This is also the reason why I think an MVP awardee from a team that didn’t win the championship is unfair to the best player of the team that won the championship. His/hers is the effort first devalued. How can a player’s performance be ranked as the most impressive, most valuable, when there is someone out there whose outstanding performance helped the team to win a championship?

I dislike the current trend of announcing the NBA MVP as a suspenseful (sometimes even controversial) event, and how I think it is rooted in a flawed system. In the NBA, a panel of basketball writers and broadcasters select the regular season MVP. This has been the practice since 1981. Before that (which would be from 1956 to 1980), the MVP was selected by the NBA players. Circling back to the current method of selecting the MVP— here’s one question: why is it done this way?

I praise the work of sports media and what it has done to affect how we enjoy sports today. But with all due respect, I think it should be data—statistics, performance, accomplishment—that should identify who is the most valuable player, not sports media.

One thing I learned as a sports writer is that sports is a numbers game. The numbers tell the story. And if sports is a numbers game, then performance—good or bad—can be defined by mathematics, unencumbered by opinions vulnerable to bias.

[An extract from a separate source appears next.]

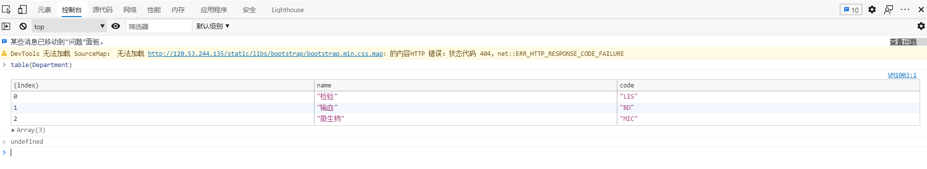 {name: '微生物', code: 'MIC'}]该数组在控制台正常显示如下:
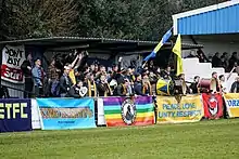In the present day Eastbourne Town's support now includes two main supporters groups Pier Pressure and the Beachy Head Ultras. Started in 2015, the groups follow the European ultras tradition and were formed by local fans disengaged with modern professional football.[45] The club's supporters groups have regularly backed anti-discrimination and anti-homophobia initiatives, amongst many other initiatives within the community.[46] Pier Pressure have strong links with the Whitehawk Ultra's and both groups regularly visit each other's games. There has also been similar links with the supporters of Dulwich Hamlet and Clapton Community.

The merit for being the most valuable player should not be affected by popularity, publicity, public and media relations, or other non-related agendas. The numbers should speak for themselves, plain and simple. And the first and most important number to consider is this: 1. 

One championship won for the season. How is the effort of a player from a team who didn’t even make it to the conference finals be more valuable than the effort of the player who won his team a championship? The rationale here is this: the MVP is for regular season excellence, which I think is something that should be changed, too. Give the MVP to someone who did great from start to finish. And if, for some reason, some other player played bigger in the championship series, then make him or her the Finals MVP.

Take for example the 2013-14 NBA season. The NBA should’ve named Tony Parker the regular season MVP (which they didn’t) considering his 16.7 PPG, 5.7 APG, and 2.3 RPG averages playing for the San Antonio Spurs who had the league-best 62-20 and won the championship that year, and Kawhi Leonard the Finals MVP (which they did). This makes sense. Parker was good all year long, and Leonard was above-par during the Finals. What does not make sense is how Kevin Durant won the MVP when the league’s leading scorer plays for a team that can’t even win the Western Conference. This is not against Durant or the other MVP winners who didn’t win the championship. This is merely a criticism of a flawed system that needs to be changed.

I think the MVP award is sacred. This esteem belongs to someone who deserves it. Go ahead and name the most outstanding player for each team every season, but in the end, only a champion deserves the league MVP. If the most valuable player is not a champion, then what is the value of winning the championship? What is the value of all the effort, the hard work, and the excellence of an outstanding player who was successful in winning all the way?